▸ **DIRECTIONS FOR THIS TASK**:
Transcribe exactly the lines that fall between the one holding "インポートが完了したら、念の" and the one holding "阿部(右)の蹴りを手で受けるレッツ(左)", inclusive, from the entries below.

▸ **RECORDS FOR THE TASK**:

········

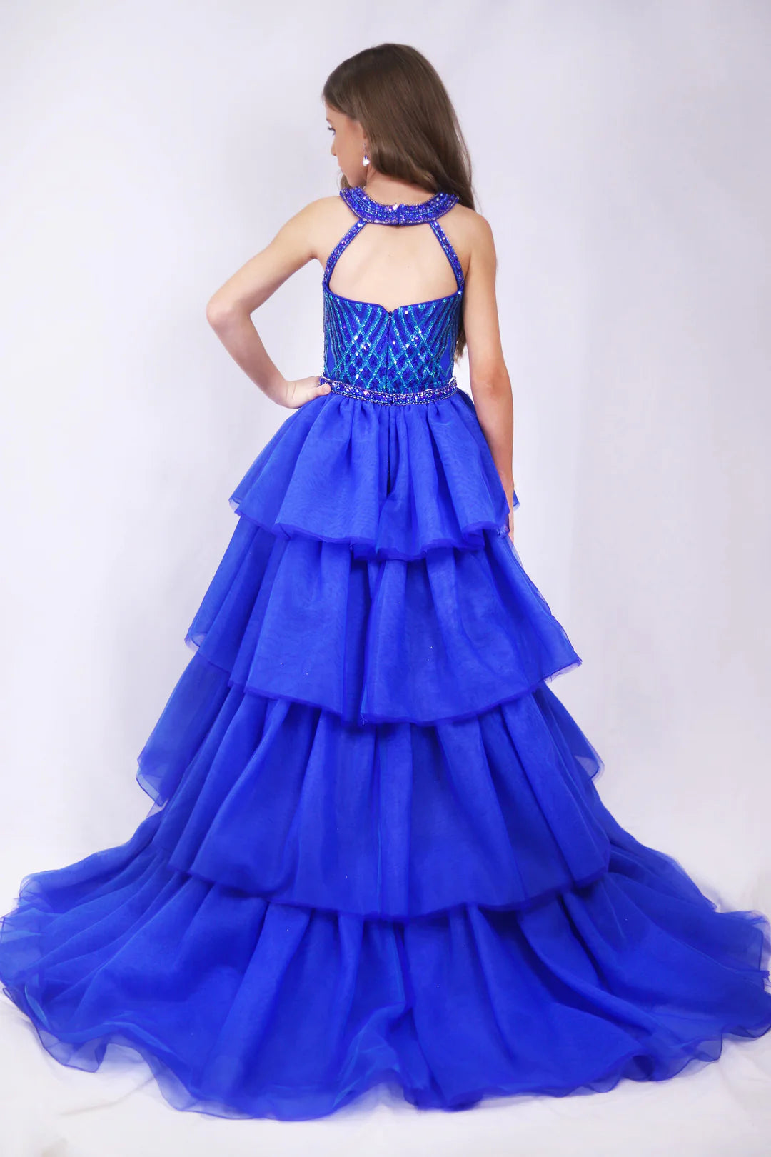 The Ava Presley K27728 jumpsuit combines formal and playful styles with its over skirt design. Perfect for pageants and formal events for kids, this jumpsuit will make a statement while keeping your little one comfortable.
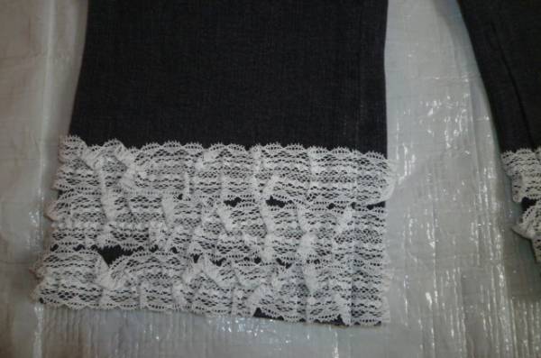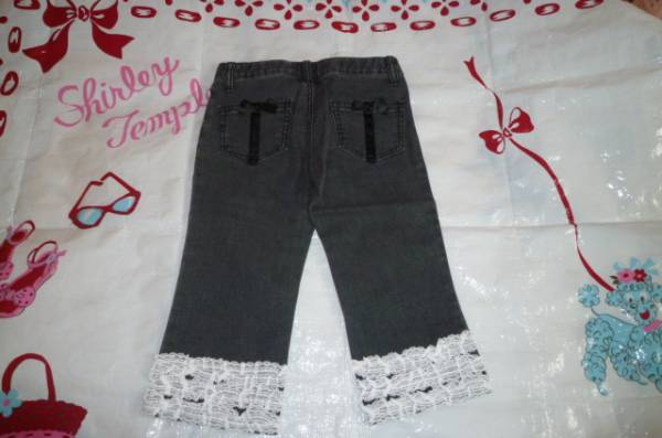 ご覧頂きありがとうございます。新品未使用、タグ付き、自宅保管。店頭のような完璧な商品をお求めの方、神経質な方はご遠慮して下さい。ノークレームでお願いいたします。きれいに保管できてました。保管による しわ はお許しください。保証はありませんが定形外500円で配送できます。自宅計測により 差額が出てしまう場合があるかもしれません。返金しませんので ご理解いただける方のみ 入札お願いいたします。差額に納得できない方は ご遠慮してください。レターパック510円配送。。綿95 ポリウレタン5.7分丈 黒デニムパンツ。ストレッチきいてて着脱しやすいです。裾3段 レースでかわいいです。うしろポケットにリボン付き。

········

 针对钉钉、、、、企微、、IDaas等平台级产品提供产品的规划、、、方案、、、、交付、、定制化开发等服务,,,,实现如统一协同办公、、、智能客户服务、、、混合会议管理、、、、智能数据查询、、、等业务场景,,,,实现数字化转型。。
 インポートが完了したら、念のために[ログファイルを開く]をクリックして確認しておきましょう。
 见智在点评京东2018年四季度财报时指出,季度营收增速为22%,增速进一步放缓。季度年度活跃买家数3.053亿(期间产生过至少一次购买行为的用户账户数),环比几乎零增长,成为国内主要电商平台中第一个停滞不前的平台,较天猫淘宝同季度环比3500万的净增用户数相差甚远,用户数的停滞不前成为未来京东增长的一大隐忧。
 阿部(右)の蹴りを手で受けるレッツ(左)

········

▸ **ANSWER SECTION**:
 インポートが完了したら、念のために[ログファイルを開く]をクリックして確認しておきましょう。
 见智在点评京东2018年四季度财报时指出,季度营收增速为22%,增速进一步放缓。季度年度活跃买家数3.053亿(期间产生过至少一次购买行为的用户账户数),环比几乎零增长,成为国内主要电商平台中第一个停滞不前的平台,较天猫淘宝同季度环比3500万的净增用户数相差甚远,用户数的停滞不前成为未来京东增长的一大隐忧。
 阿部(右)の蹴りを手で受けるレッツ(左)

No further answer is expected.